DATASET EXCERPTS
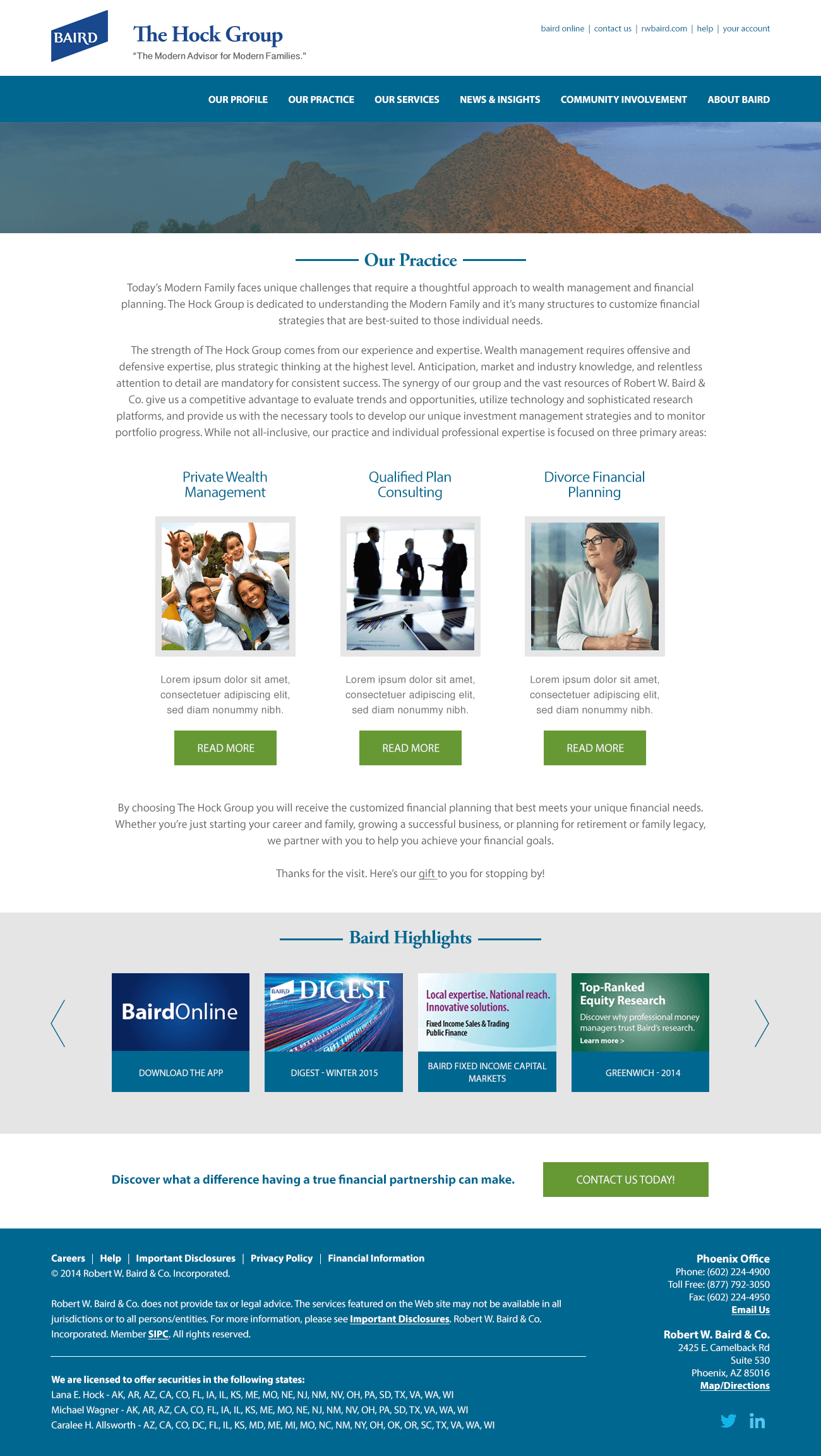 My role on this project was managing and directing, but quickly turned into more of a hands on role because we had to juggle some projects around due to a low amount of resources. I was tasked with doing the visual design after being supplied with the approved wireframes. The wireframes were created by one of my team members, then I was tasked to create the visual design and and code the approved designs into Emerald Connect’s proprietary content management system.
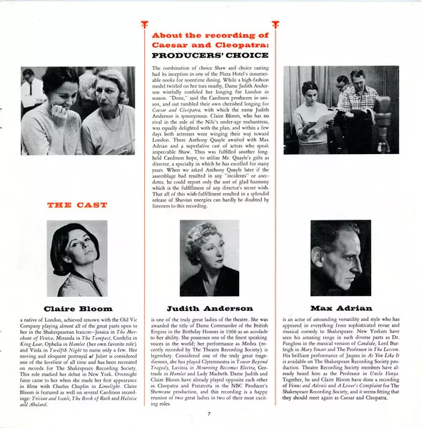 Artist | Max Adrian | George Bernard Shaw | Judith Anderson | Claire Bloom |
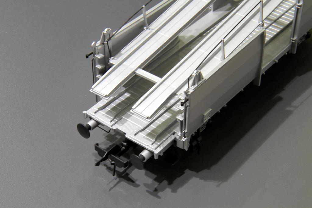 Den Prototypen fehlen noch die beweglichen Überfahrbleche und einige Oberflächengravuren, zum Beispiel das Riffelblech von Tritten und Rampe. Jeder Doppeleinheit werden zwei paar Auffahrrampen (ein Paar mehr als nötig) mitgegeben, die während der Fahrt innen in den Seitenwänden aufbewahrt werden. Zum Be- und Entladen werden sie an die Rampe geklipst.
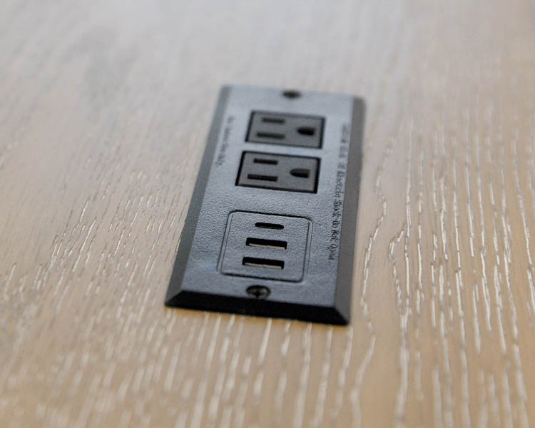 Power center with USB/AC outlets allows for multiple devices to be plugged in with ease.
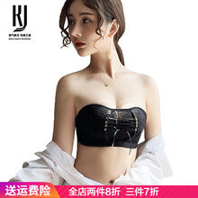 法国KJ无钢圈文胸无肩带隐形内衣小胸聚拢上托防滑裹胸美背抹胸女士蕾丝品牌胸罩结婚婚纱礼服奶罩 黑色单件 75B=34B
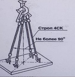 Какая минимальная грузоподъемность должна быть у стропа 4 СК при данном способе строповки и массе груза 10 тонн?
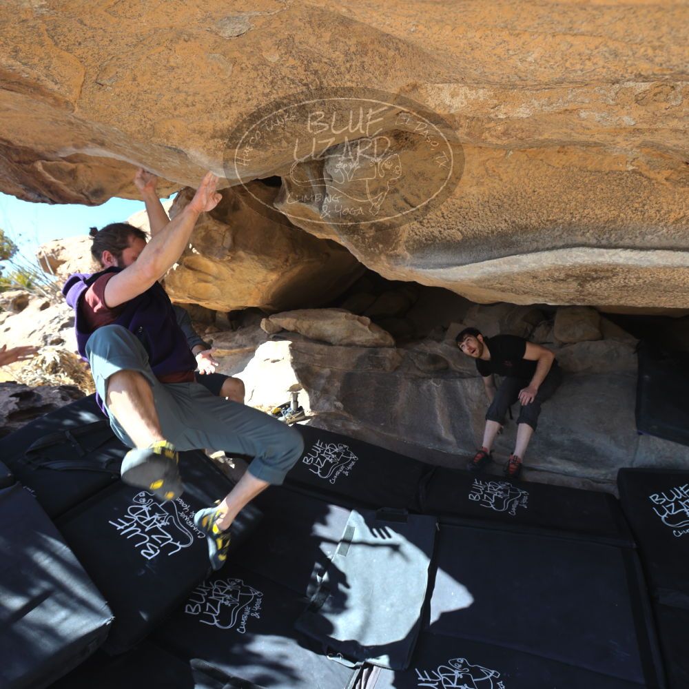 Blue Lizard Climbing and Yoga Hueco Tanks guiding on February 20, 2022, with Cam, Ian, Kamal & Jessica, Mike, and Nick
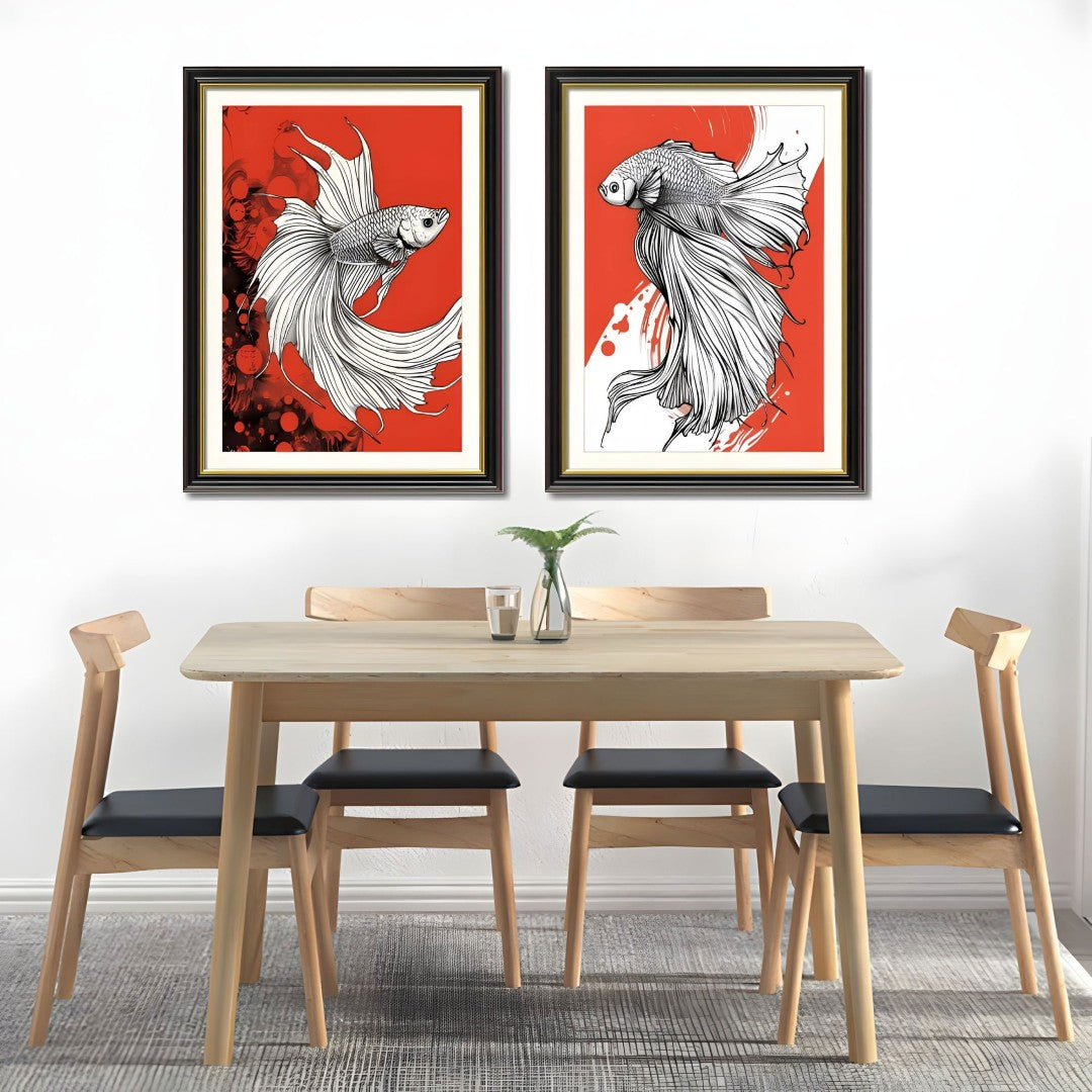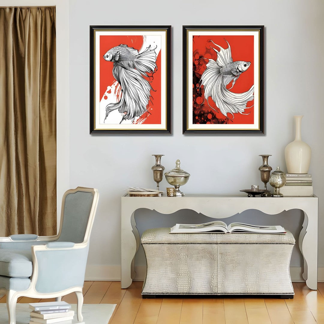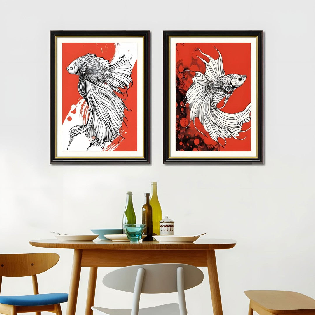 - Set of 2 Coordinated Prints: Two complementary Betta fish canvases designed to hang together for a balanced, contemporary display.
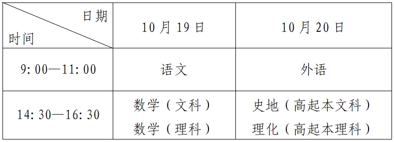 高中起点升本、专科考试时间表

EXERCISE PROMPT
All of the records above should be written out exactly, with the pictures left out.

RESPONSE
 My role on this project was managing and directing, but quickly turned into more of a hands on role because we had to juggle some projects around due to a low amount of resources. I was tasked with doing the visual design after being supplied with the approved wireframes. The wireframes were created by one of my team members, then I was tasked to create the visual design and and code the approved designs into Emerald Connect’s proprietary content management system.
 Artist | Max Adrian | George Bernard Shaw | Judith Anderson | Claire Bloom |
 Den Prototypen fehlen noch die beweglichen Überfahrbleche und einige Oberflächengravuren, zum Beispiel das Riffelblech von Tritten und Rampe. Jeder Doppeleinheit werden zwei paar Auffahrrampen (ein Paar mehr als nötig) mitgegeben, die während der Fahrt innen in den Seitenwänden aufbewahrt werden. Zum Be- und Entladen werden sie an die Rampe geklipst.
 Power center with USB/AC outlets allows for multiple devices to be plugged in with ease.
 法国KJ无钢圈文胸无肩带隐形内衣小胸聚拢上托防滑裹胸美背抹胸女士蕾丝品牌胸罩结婚婚纱礼服奶罩 黑色单件 75B=34B
 Какая минимальная грузоподъемность должна быть у стропа 4 СК при данном способе строповки и массе груза 10 тонн?
 Blue Lizard Climbing and Yoga Hueco Tanks guiding on February 20, 2022, with Cam, Ian, Kamal & Jessica, Mike, and Nick
 - Set of 2 Coordinated Prints: Two complementary Betta fish canvases designed to hang together for a balanced, contemporary display.
 高中起点升本、专科考试时间表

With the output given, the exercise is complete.